Meat goats require minimum shelter in comparison to dairy goats. Goats will seek shelter from rain, preventing them from foraging. During warmer weather, rain may only cause mild discomfort, but in colder temperatures, goats in general should not remain cold and wet for long periods.
The goat ability to withstand adverse weather conditions is strongly related to body condition. Goats in good condition, that is goats that have a fat layer under the skin, can withstand rain and cold weather without much problem if they have access to good quality forage. For example, at the NC State goat farm, replacement does on a small grain grazing experiment have had no shelter since early March without any health problems. However, these animals were in very good body condition and had access to ample amounts of high quality forage. Young goats, on the other hand, are particularly vulnerable to respiratory infection and to hypothermia if they do not have access to shelter during rainy and cold weather. And it is not uncommon for a combination of cold wind and rain and the occasional snow and sleet to cause losses of young animals. Thus, the necessity for sheltering meat goats probably relates to the expected weather pattern in the area, the nutritional level and body condition of the herd, the physiological stage of the animals (newborn kids, dry does or does in early pregnancy, does in late pregnancy or lactating does) and the class of animals.

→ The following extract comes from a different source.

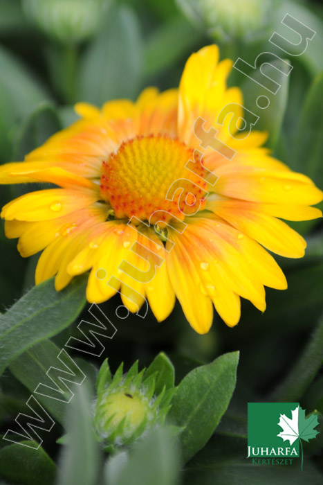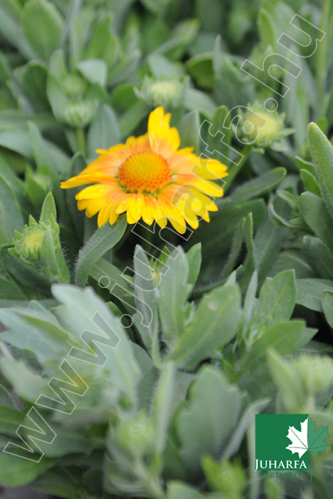 Alacsony, 20-30 centiméteres magasságú bokros évelő. Levelei keskenyek, molyhosak. Virágai kimondottan nagyok, a nyár második felében, kora ősszel nyílnak, a virágok tömege a növény lombját elfedik. A virágok fakó narancs színűek, s peremükön sárga gyűrű van.

A sturdy shed, dry and open to the south side, can usually provide adequate protection. Rear eave heights of 4 to 6 feet and front eave heights of 6 to 8 feet are adequate. Eight to 10 square feet per goat is desirable for open housing. Other references suggest 51⁄2 square feet per goat. Goats also like to be in or near a shed during the night hours. If the facility is part of the farmstead, so much the better because nearness to human activity plays a role in predator control. For feeding hay, grain or concentrate, 16 linear inches of feeder space is sufficient per doe, or 8 to 12 linear inches of feeder space if hay is self fed. For young stock, recommendations are 12 linear inches of feeder space per animal, or 2 to 4 linear inches if hay or grain is self-fed. Troughs need to be easy to clean, should prevent goats from urinating or defecating on the feed, and be accessible from both sides.
Besides housing goats in a well-ventilated shed or barn, it is also important to regularly remove bedding soiled by manure and urine to minimize the formation of excessive amounts of ammonia. Ammonia can cause respiratory infections and pneumonia. As the concentration of ammonia is higher closer to the ground because of its density, young animals are especially affected by high concentrations of ammonia in a poorly ventilated barn or shed.

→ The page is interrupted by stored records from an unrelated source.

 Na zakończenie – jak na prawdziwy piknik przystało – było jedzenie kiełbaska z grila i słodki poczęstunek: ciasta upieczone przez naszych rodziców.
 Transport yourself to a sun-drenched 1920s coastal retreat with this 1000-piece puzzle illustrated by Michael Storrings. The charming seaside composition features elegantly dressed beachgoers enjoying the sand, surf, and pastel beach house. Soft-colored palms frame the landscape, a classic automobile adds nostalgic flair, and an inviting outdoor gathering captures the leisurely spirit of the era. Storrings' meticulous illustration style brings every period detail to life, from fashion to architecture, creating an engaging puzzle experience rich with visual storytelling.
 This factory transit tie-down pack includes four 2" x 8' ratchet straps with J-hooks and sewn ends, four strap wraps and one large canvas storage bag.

In the tropics or wetter climates, the type of goat shelter commonly found is one with an elevated, slatted floor. This design protects goats from rain, allows air movement and reduces accumulation of urine and feces, which in turn, favors sanitation.
Kidding during cold months may require shelter for the does and kids to guarantee kid survival. Temporary kidding pens 4 feet x 5 feet have been used by goat producers with much success. The kidding pens should be located in an area free of cold wind. Does are placed in these jugs during kidding and for 3 to 5 days after kidding. This practice increases the bonding between the doe and the newborn, especially for the first-kidding does. In addition, it allows the producer to provide assistance if there are kidding complications. It also allows the producer to ensure that weak newborn kids get a sufficient amount of colostrum during the first 12 to 24 hours of life. After the kidding season, these pens can be taken apart and stored.
A working facility will help operations like ear-tagging, vaccinations, medication (anthelmintics, etc.), counting, sorting, hoof trimming, etc.
A small pen with some means of herding the goats into it is usually sufficient for small operations. The pen should be sturdy, preferably solid-sided, and at least 5 to 6 feet tall. As goat numbers increase, the need for more elaborate working facilities arises. A basic working facility to handle larger numbers of goats is composed of a catch or crowding pen, a working chute, a “squeeze chute” or headgate, and a sorting (or cutting) arrangement of alleys, gates and pens to separate the goats. The crowding pen should be half as long as the working chute and up to 12 feet wide at the open end. The working chute should be about 10 feet long, 5 to 6 feet high, and 12 to 15 inches wide. Longer chutes tend to cause crowding and trampling at the forward end, and should be divided into sections with sliding gates. An adjustable chute will be advantageous to handle from small goats and kids to large bucks. Also, a series of canvas flaps suspended about halfway down into the chute keeps the goats’ heads down and eliminates riding. The sides of the chute should be smooth and solid. Ideally, for horned goats the chute should be tapered, with the top nearly twice the width of the bottom.
Goats should be handled quietly during working operations. Excess noise creates agitation, and may well cause goats to go over, under, or through whatever stands in the way, including the goats’ owner. Women generally are better than men in handling goats, and will perform the jobs at hand in a manner that creates less stress. Goats do not flow as smoothly as cattle, tending to rush toward an actual or expected opening. Goats readily drop to the ground under crowding pressure and are at greater risk from trampling and smothering.